Escorted Tours & Guided

Cheapest time to Visit Spain

By Rick Steves

Some people have flexible enough jobs and lifestyles to cherry-pick when to take their vacations, but many others have less choice. Fortunately, Europe welcomes visitors 365 days a year — and each season offers a different ambience and experience.

In travel-industry jargon, the year is divided into three seasons: peak season (roughly mid-June through August), shoulder season (April through mid-June and September through October), and off-season (November through March). Each has its pros and cons. Regardless of when you go, if your objective is to “meet the people, ” you’ll find Europe filled with them any time of year.

Peak Season

Summer is a great time to travel — except for the crowds and high temperatures. Sunny weather, long days, and exuberant nightlife turn Europe into a powerful magnet. I haven’t missed a peak season in 30 years. Families with school-age children are usually locked into peak-season travel. Here are a few tips to help you keep your cool:

Arrange your trip with crowd control in mind. Go to the busy places as early or late in peak season as you can. Consider, for instance, a six-week European trip beginning June 1, half with a rail pass to see famous sights in Italy and Austria, and half visiting relatives in Scotland. It would be wise to do the rail pass section first, enjoying fewer crowds, and then spend time with the family during the last half of your vacation, when Florence and Salzburg are teeming with tourists. Salzburg on June 10 and Salzburg on July 10 are two very different experiences.

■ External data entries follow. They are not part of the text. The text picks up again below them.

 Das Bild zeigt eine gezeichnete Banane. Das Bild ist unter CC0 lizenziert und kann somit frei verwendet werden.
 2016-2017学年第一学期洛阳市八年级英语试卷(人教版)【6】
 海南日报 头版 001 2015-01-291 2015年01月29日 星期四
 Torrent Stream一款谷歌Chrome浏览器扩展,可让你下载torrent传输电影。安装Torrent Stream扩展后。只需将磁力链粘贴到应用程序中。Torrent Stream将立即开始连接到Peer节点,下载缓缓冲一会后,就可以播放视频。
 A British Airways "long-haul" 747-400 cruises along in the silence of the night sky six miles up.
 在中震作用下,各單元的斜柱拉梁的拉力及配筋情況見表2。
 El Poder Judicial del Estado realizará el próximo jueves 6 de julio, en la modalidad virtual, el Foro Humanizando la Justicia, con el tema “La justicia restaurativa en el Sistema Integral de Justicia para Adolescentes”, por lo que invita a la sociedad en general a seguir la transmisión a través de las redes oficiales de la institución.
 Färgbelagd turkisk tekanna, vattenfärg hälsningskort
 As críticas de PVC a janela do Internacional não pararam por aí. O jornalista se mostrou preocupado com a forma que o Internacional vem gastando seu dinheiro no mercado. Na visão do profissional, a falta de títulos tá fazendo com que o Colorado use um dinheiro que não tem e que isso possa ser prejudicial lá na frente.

Seek out places with no promotional budgets. Keep in mind that accessibility and promotional budgets determine a place’s fame and popularity just as much as its worthiness as a tourist attraction. The beaches of Greece’s Peloponnesian Peninsula enjoy the same weather and water as the highly promoted isles of Santorini and Ios but are out of the way, underpromoted, and wonderfully deserted. If you’re traveling by car, take advantage of your mobility by leaving the well-worn tourist routes. The Europe away from the train tracks is less expensive and feels more peaceful and relaxed. Overlooked by the rail pass mobs, it’s one step behind the modern parade.

Spend the night. Popular day-trip destinations near big cities and resorts such as Toledo (near Madrid), San Marino (near huge Italian beach resorts), and San Gimignano (near Florence) take on a more peaceful and enjoyable atmosphere at night, when the legions of day-trippers retreat to the predictable plumbing of their big-city or beach-resort hotels. Small towns normally lack hotels big enough for tour groups and are often inaccessible to large buses. So they will experience, at worst, midday crowds.

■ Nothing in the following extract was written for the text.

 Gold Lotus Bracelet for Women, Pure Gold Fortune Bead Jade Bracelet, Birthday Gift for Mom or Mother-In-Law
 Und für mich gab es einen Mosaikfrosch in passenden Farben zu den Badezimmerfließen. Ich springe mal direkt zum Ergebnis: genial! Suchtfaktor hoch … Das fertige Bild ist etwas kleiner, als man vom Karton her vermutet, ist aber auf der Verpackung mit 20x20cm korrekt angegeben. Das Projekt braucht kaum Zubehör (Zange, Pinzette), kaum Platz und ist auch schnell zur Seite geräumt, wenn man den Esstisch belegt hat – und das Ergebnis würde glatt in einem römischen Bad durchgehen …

Prepare for intense heat. Europeans swear that it gets hotter every year. Even restaurants in cooler climates (like Munich or Amsterdam) now tend to have ample al fresco seating to take advantage of the ever longer outdoor-dining season. Throughout Europe in July and August, expect high temperatures — even sweltering heat — particularly in the south.

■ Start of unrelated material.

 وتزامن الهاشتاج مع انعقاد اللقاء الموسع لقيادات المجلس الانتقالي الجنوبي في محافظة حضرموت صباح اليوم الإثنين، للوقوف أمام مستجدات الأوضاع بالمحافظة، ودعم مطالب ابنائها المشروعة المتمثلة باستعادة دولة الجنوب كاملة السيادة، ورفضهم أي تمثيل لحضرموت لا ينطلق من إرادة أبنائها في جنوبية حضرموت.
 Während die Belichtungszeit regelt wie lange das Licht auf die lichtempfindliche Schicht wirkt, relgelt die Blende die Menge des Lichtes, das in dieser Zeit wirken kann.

Don’t discount July and August. Although Europe’s tourist crowds can generally be plotted on a bell-shaped curve that peaks in July and August, there are exceptions. For instance, Paris is relatively empty in July and August but packed full in June (conventions) and September (trade shows). Business-class hotels in Scandinavia are cheapest in the summer, when travel — up there, mostly business travel — is down.

In much of Europe (especially Italy and France), cities are partially shut down in July and August, when local urbanites take their beach breaks. You’ll hear that these are terrible times to travel, but it’s really no big deal. You can’t get a dentist, and many launderettes may be closed, but tourists are basically unaffected by Europe’s mass holidays. Just don’t get caught on the wrong road on the first or fifteenth of the month (when vacations often start or finish, causing huge traffic jams), or try to compete with all of Europe for a piece of French Riviera beach in August.

Some places are best experienced in peak season. Travel in the peak season in Scandinavia, Britain, and Ireland, which rarely have the horrible crowds of other destinations, where sights are too sleepy or even closed in shoulder season, and where you want the best weather and longest days possible. Scandinavia has an extremely brief tourist season — basically from mid-June to late August; I’d avoid it outside this window.

Shoulder Season

“Shoulder season” — generally April through mid-June, September, and October — combines the advantages of both peak-season and off-season travel. In shoulder season, you’ll enjoy decent weather, long-enough daylight, fewer crowds, and a local tourist industry still ready to please and entertain.